Empowering Syrian Refugees
After over half a decade of violent conflict in Syria, Syrian refugees make up the largest displaced population in the world. Most Syrian refugees are not living in special camps, but in poor communities in their host countries with few resources and scarce opportunities for employment or education. Their safety, welfare, health, housing, and access to education are continuously at risk. This is particularly true for women and girls.
In some refugee settlement regions, employment is expressly forbidden for refugees, and in others there is simply no opportunity for employment, especially for women who tend to have less education, may never have been formally employed before, and have little time for additional work after raising their children and managing their households. At the heart of their displacement is their status as refugees, which affords them few rights, and even fewer options.
Through WLP’s Empowering Syrian Refugee Women for a Better Future initiative, WLP partners in Jordan – Sisterhood is Global Institute/Jordan (SIGI/J), Lebanon – Collective for Research and Training on Development–Action (CRTD-A), and Turkey – Foundation for the Support of Women’s Work (FSWW), bring leadership, organizing, and economic empowerment skills to Syrian refugee women.

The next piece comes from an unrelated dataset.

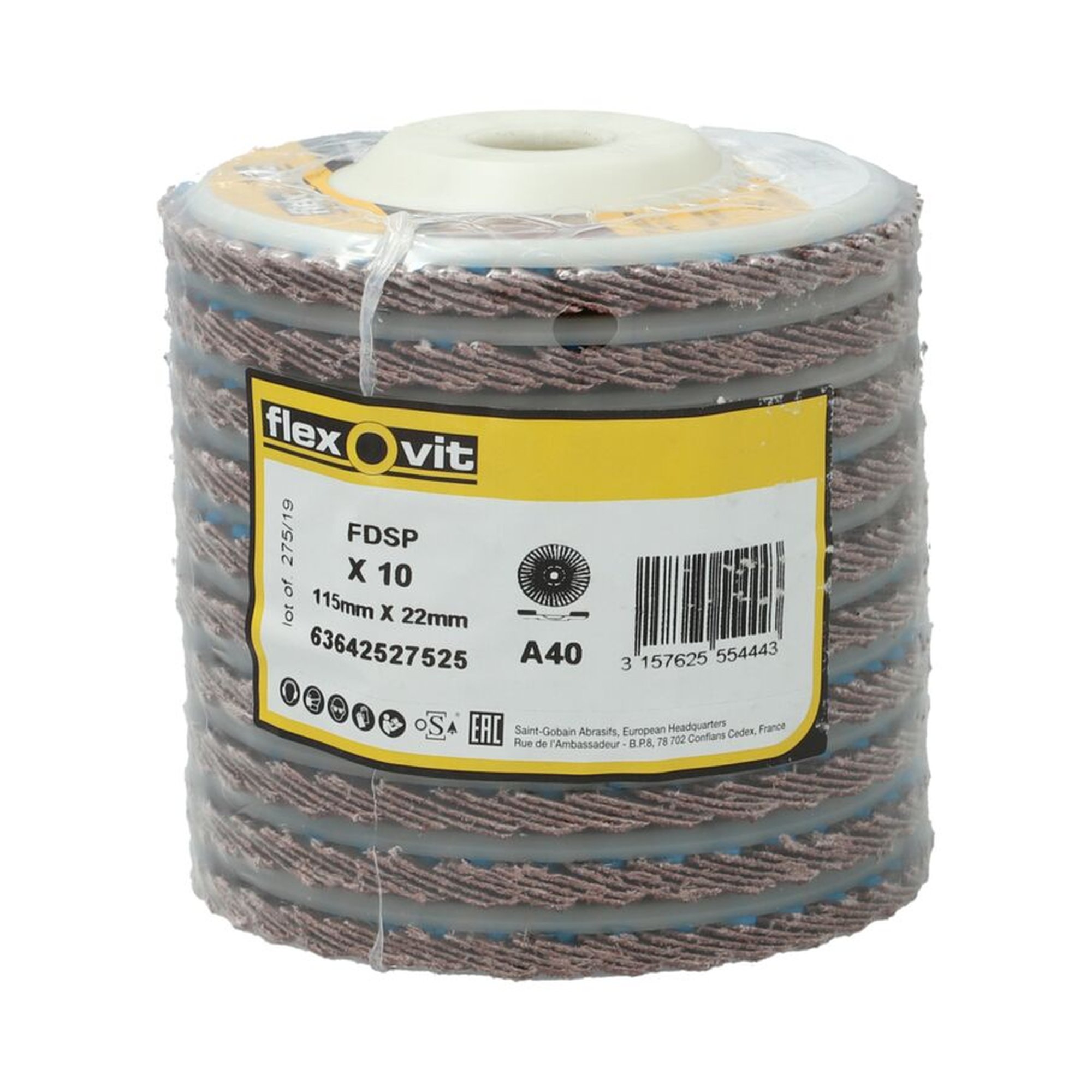 10 x Norton Fächerschleifscheiben 115x22mm K40 Flexovit MERCHANDISING

We also work with local support organizations to ensure refugee women’s access to services and refugee participation in community decision-making.
Our Syrian refugee initiative has five main goals:
- Facilitate access to referral systems and service providers, especially in relation to sexual health care and social services for victims of violence.
- Strengthen entrepreneurial skills and encourage refugee women to organize collective economic initiatives.
- Provide refugee women with participatory leadership skills and human rights training to help them build better lives for themselves, their families and communities, and society.
- Build the organizational capacities of emerging Syrian community-based groups that will empower women to organize and engage in peace and recovery processes.
- Enable promising Syrian women leaders to develop their advocacy skills so that they can better engage in and influence local decision-making.
Curriculum for Empowering Refugee Women
WLP facilitators are using content from several of our manuals to develop a curriculum that specifically addresses the needs of refugees. Pulling sessions from WLP’s Leading to Compassion, Leading to Choices, Leading to a Culture of Democracy, Beyond Equality, and Victories over Violence, facilitators are adapting the material to address empowerment, leadership, political activism, and violence against women for forcibly displaced communities.